Petitioner was not a lawyer and has never been admitted to the Bar of any State; but, under regulations issued by the Commissioner of Patents with the approval of the Secretary of Commerce pursuant to 35 U.S.C. § 31, he has been authorized to practice before the United States Patent Office. As part of that practice, he has for many years represented patent applicants, prepared and prosecuted their applications, and advised them in connection with their applications in the State of Florida. The Florida Bar sued in the Supreme Court of Florida to enjoin the performance of these and other specified acts within the State, contending that they constituted unauthorized practice of law. Holding that the petitioner's conduct constituted the unauthorized practice of law within the state, the court enjoined him from preparing and prosecuting patent applications and rendering legal opinions as to patentability or infringement on patent rights. A writ of certiorari was granted. 

Issue:

Under the circumstances, was it proper to enjoin petitioner from preparing and prosecuting patent applications and rendering legal opinions as to patentability or infringement on patent rights? 

Answer:

No.

Conclusion:

The order enjoining petitioner was vacated and remanded because it prohibited him from performing tasks which were incident to the preparation and prosecution of patent applications before the Patent Office. 35 U.S.C. § 31, which permitted nonlawyers to represent applicants before the Patent Office, preempted Florida law, under which the preparation and prosecution of patent applications for others constituted the practice of law.
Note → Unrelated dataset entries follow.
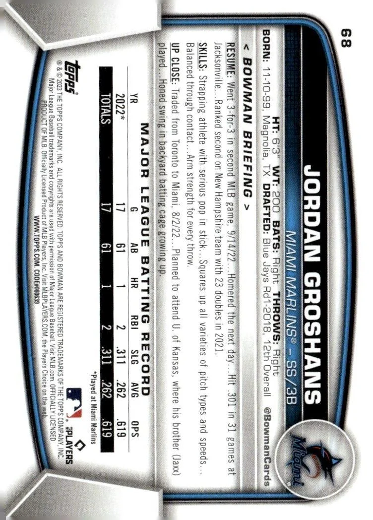 This is a nice example of a 2023 Bowman #68 Jordan Groshans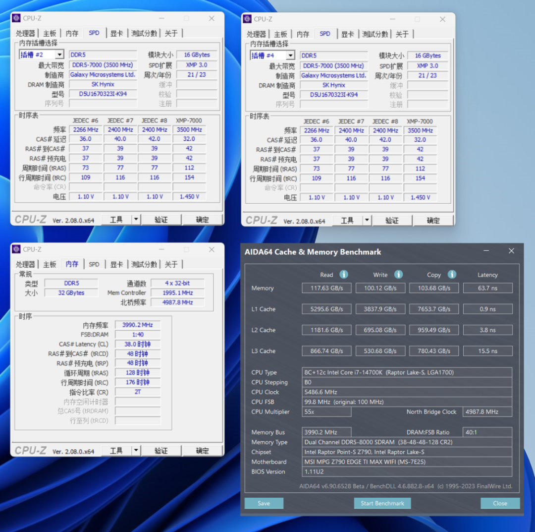 内存方面,基本已经迎来了D5的高速发展时期,为了更好的体验全新硬件的性能,咱直接选配的是HOF Classic D5-7000MHz 16G*2内存,实测可以直接拉到8000MHz。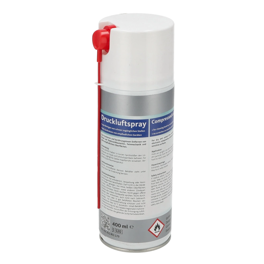 This compressed-air spray is excellently suitable for dusting off and cleaning inaccessible spots at computer systems, photo cameras, heating systems and other machines and devices. This easy-to-dose spray is also suitable for sensitive devices and can also be used on live parts.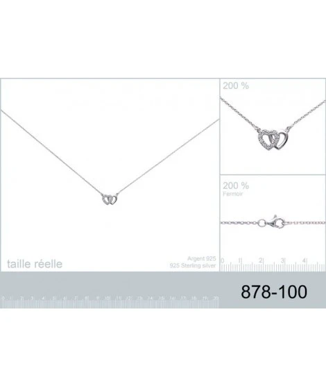 Ce collier est vraiment ravissant. Il est composĂ© de 2 coeurs enlacĂ©s sur chaĂ®ne, avec oxydes de zirconium tout autour du premier coeur. Argent 925/000 rhodiĂ©. Longueur : 42 cm. Largeur : 1 mm. Coeurs : 14 x 9 mm. Poids d’argent : 2,49 grammes. LivrĂ© dans sa jolie pochette en organza prĂŞte Ă offrir.
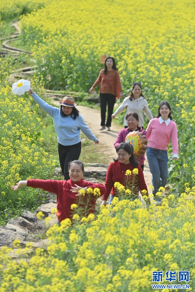 游客在广西融水苗族自治县融水镇新国村的油菜花地踏青游玩(3月21日摄)。
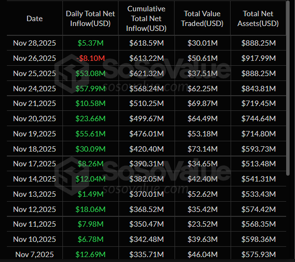 وعبر جميع صناديق سولانا المتداولة، ارتفعت التدفقات الإجمالية إلى 618.59 مليون دولار، بينما صعدت الأصول المُدارة إلى 888.25 مليون دولار. وحافظت نشاطات التداول على قوتها، إذ وصلت أحجام التداول إلى 30.01 مليون دولار. كما واصل صندوق BSOL الصدارة بإدارته 527.79 مليون دولار بمفرده.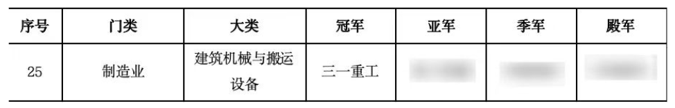 产业领军企业的定义,是按照经济学的产业集中度CR4概念,选取在产业内综合得分排名前四名的企业,分别为冠军企业、亚军企业、季军企业、殿军企业,统称为领军企业。本次榜单涵盖了90个大类产业中的360家企业,三一重工在建筑机械与搬运设备行业中荣膺首位,获得“冠军企业”称号,并在综合排名中位列第113位。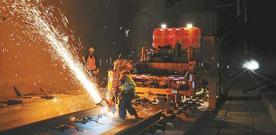 图为工人正在新皇泽寺二号隧道内切割轨道。 (记者 何海洋 摄)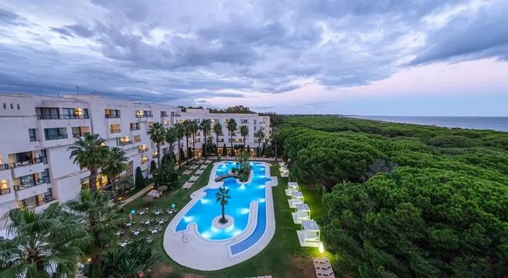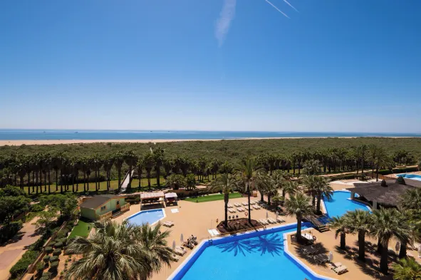 Experience beachfront luxury with a main pool, tropical gardens, and a variety of dining options in Isla Cristina.
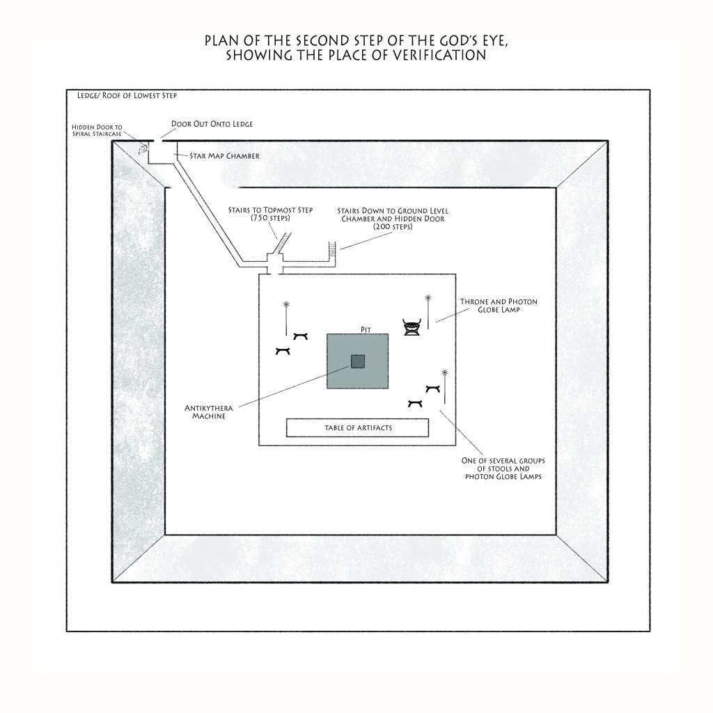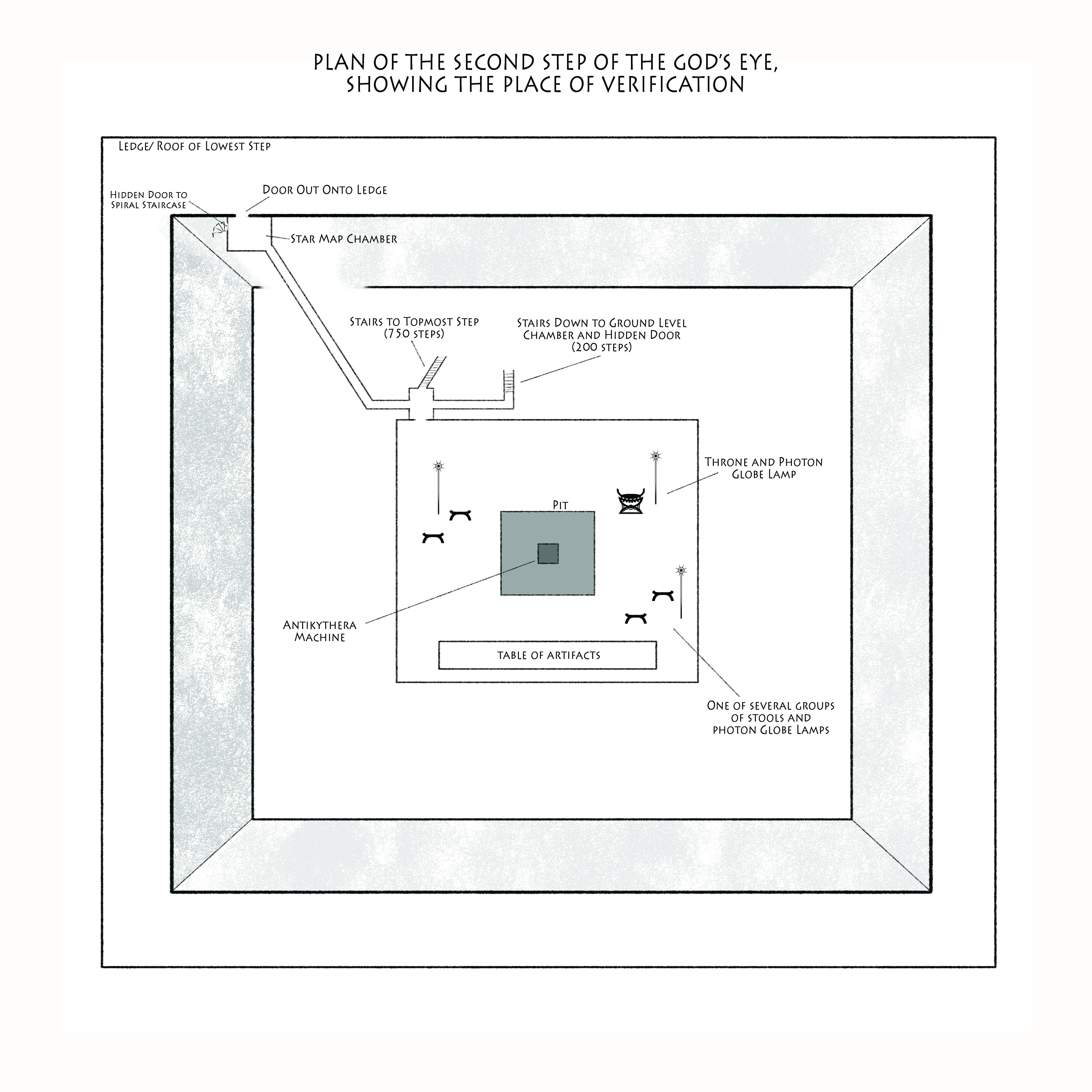 Plan diagram of the second step, showing the various chambers, stairs and passageways crucial to the plot.

According to the Court, petitioner maintained an office in Florida, held himself out as a patent attorney, prepared patent applications, represented clients before the Patent Office, and was not a member of the bar of any state. The Court held that 35 U.S.C. § 31 expressly permitted the Commissioner of Patents to authorize practice before the Patent Office by nonlawyers, and the Commissioner had explicitly granted such authority. Under the Supremacy Clause, Florida may not deny petitioner the right to perform the functions within the scope of the federal authority.